Re: [PATCH v1 4/4] KVM/vmx: enable lbr for the guest

Andi Kleen <ak@xxxxxxxxxxxxxxx> · Tue, 26 Sep 2017 09:41:14 -0700

> 1) vCPU context switching and guest side task switching are not identical.
> That is, when the vCPU is scheduled out, the guest task on the vCPU may not

guest task lifetime has nothing to do with this. It's completely independent
of what you do here on the VCPU level.

> run out its time slice yet, so the task will continue to run when the vCPU
> is
> scheduled in by the host (lbr wasn't save by the guest task when the vCPU is
> scheduled out in this case).
> 
> It is possible to have the vCPU which runs the guest task (in use of lbr)
> scheduled
> out, followed by a new host task being scheduled in on the pCPU to run.
> It is not guaranteed that the new host task does not use the LBR feature on
> the
> pCPU.

Sure it may use the LBR, and the normal perf context switch
will switch it and everything works fine.

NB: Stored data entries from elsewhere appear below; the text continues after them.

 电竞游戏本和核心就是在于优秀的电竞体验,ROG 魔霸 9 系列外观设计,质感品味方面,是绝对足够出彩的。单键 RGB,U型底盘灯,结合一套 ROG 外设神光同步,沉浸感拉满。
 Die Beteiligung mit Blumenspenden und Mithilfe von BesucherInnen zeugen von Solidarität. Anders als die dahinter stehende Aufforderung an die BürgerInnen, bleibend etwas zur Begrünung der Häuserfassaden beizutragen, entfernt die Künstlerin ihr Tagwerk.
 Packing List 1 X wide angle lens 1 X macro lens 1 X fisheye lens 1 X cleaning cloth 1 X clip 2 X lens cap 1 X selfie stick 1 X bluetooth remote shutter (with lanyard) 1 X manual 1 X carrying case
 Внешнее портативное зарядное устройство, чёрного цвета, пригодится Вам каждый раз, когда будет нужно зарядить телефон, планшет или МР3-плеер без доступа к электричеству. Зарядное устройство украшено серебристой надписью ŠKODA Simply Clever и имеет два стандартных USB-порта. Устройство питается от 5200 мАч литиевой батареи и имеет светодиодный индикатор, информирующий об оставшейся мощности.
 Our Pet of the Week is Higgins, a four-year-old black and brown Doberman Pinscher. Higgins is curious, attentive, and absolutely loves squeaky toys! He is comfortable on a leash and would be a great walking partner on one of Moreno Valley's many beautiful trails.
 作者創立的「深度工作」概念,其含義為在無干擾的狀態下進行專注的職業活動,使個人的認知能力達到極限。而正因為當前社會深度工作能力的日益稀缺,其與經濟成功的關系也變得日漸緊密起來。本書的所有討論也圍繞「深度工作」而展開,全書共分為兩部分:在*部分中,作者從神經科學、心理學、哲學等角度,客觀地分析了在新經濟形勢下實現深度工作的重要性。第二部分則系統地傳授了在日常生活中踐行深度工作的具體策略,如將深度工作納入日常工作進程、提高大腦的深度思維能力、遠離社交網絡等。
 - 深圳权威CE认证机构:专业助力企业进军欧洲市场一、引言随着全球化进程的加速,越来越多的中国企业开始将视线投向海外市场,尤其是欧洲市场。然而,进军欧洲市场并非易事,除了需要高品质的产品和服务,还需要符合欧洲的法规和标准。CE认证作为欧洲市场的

It's like any other per-task LBR user.

> 
> 2) Sometimes, people may want this usage: "perf record -b
> ./qemu-system-x86_64 ...",
> which will need lbr to be used in KVM as well.

In this obscure case you can disable LBR support for the guest.
The common case is far more important.

It sounds like you didn't do any performance measurements.
I expect the performance of your current solution to be terrible.

e.g. a normal perf PMI does at least 1 MSR reads and 4+ MSR writes
for a single counter. With multiple counters it gets worse.

For each of those you'll need to exit. Adding something
to the entry/exit list is similar to the cost of doing 
explicit RD/WRMSRs.

On Skylake we have 32*3=96 MSRs for the LBRs.

So with the 5 exits and entries, you're essentually doing
5*2*96=18432 extra MSR accesses for each PMI.

MSR access is 100+ cycles at least, for writes it is far more
expensive.

-Andi